Le silence occidental sur cette opération
« Dignité » vaut accord voire appui. Le Pentagone se prépare à
soutenir l’opération «Dignité» si Hafter le demande. Un dispositif
d’intervention est déjà stationné en Italie et en Espagne et prêt à intervenir. La France préoccupé par
la dégradation de la situation militaire au Mali ne peut qu’accepter le fait
accompli et tant pis pour BHL et le looser Fabius.
Haftar a anéanti le complot contre l’Algérie en réduisant à
néant les forces obscurantistes-jihadites en Libye. L’élection de Boutef a
favorisé à coup sur le réveil libyen et l’émergence d’un leader charismatique
capable de mettre fin au complot-chaos contre la région maghrébine.
L’opération «Dignité» a été accueillie avec un grand
soulagement dans la rue tunisienne car
une pacification de notre voisin du Sud ouvre des horizons pour les jeunes
tunisiens car, la Libye stabilisée, peut offrir plusieurs centaines de
milliers d’opportunités d’emplois et des échanges économiques conséquents de
plusieurs milliards de dollars réduisant considérablement les déficits des
balances extérieures. Seul Tartour voit
le contraire. Pour lui, une victoire définitive de Hafter vaut son départ définitif
de Carthage et le début de son calvaire.
L’actuelle donne libyenne doit pousser la classe politique
tunisienne à une nouvelle lecture de la situation géopolitique régionale/internationale et
procéder rapidement à un réajustement de la feuille de route tenant compte des
nouveaux paramètres objectifs. Garder Tartour de Carthage et les profiteurs-incompétents
du Bardo constitue une erreur stratégique pouvant bloquer/déstabiliser notre pays. La
Région maghrébine a changé, l’Occident lui aussi a modifié sa stratégie, alors,
la Tunisie est obligée à faire sa mutation pacifique. Faute de quoi, le Sissi
tunisien s’imposera pour éviter l’enlisement de l’Armée au Mont Chaambi et les
funérailles quotidiennes des soldats et nos officiers valeureux.
Il n’est pas inutile de mettre en place une quatrième
transition capable de stabiliser la Tunisie de tout point de vue (sécurité,
politique, économique et finances publiques, restructuration des caisses de
retraite et du système bancaire…) avant d’aller à des nouvelles élections qui
ne peuvent que fragiliser notre pays. La classe politique tunisienne n’est pas
encore mûre pour diriger un pays non stabilisé. Le déchirement à l’intérieur
des grands partis est certainement à l’origine de cet handicap. Deux voire trois ans sont nécessaires pour colmater les brèches et asseoir une
réelle démocratie interne dans les partis, garants de succès électoraux.

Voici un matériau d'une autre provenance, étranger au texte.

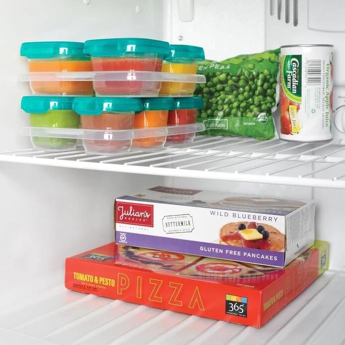 Baby Blocks are airtight, watertight and leakproof for safe storage and spill-free outings. Blocks fit into the freezing tray, and multiple trays can be stacked to save space in the freezer. Clear lids and bodies allow you to see what’s inside, and measurement markings make portioning a breeze.

Vouloir passer outre, la Tunisie connaitra à coup sûr et forcément son Hafter
ou son Sissi.
Pour
terminer, nous pouvons dire que la région arabe n’est plus si stérile : Bachar,
Nasrallah, Sissi et Haftar sont la preuve que cette terre continue à
produire des héros et des leaders charismatiques comme l’a bien fait toujours.